- _THE PROBLEM_
The required output is the lines below from the line containing "(케이엠뉴스) 안양시 만안구" to the line containing "Shanghai Costco Kirkland", inclusive, retyped exactly. No other lines belong in it.

┌─ TASK MATERIAL

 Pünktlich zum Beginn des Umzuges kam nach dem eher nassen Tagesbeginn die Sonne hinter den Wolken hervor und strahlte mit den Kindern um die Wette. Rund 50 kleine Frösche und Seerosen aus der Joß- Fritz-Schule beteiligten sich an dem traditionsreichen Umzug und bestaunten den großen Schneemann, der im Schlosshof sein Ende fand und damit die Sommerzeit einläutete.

└─
┌─ TASK MATERIAL

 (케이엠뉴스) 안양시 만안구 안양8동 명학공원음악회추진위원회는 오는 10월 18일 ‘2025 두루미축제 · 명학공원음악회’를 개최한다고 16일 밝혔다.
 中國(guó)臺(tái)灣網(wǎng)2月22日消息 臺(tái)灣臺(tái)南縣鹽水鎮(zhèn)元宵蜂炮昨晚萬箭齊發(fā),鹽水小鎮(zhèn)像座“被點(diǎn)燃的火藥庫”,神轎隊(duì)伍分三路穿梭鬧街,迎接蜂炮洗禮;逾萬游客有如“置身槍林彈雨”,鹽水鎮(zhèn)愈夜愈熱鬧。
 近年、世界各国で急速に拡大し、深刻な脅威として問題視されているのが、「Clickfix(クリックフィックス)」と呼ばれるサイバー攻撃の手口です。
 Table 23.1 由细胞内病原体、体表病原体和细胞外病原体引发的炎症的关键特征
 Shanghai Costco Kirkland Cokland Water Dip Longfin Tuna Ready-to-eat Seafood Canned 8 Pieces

└─

- _THE COMPLETED TASK_
 (케이엠뉴스) 안양시 만안구 안양8동 명학공원음악회추진위원회는 오는 10월 18일 ‘2025 두루미축제 · 명학공원음악회’를 개최한다고 16일 밝혔다.
 中國(guó)臺(tái)灣網(wǎng)2月22日消息 臺(tái)灣臺(tái)南縣鹽水鎮(zhèn)元宵蜂炮昨晚萬箭齊發(fā),鹽水小鎮(zhèn)像座“被點(diǎn)燃的火藥庫”,神轎隊(duì)伍分三路穿梭鬧街,迎接蜂炮洗禮;逾萬游客有如“置身槍林彈雨”,鹽水鎮(zhèn)愈夜愈熱鬧。
 近年、世界各国で急速に拡大し、深刻な脅威として問題視されているのが、「Clickfix(クリックフィックス)」と呼ばれるサイバー攻撃の手口です。
 Table 23.1 由细胞内病原体、体表病原体和细胞外病原体引发的炎症的关键特征
 Shanghai Costco Kirkland Cokland Water Dip Longfin Tuna Ready-to-eat Seafood Canned 8 Pieces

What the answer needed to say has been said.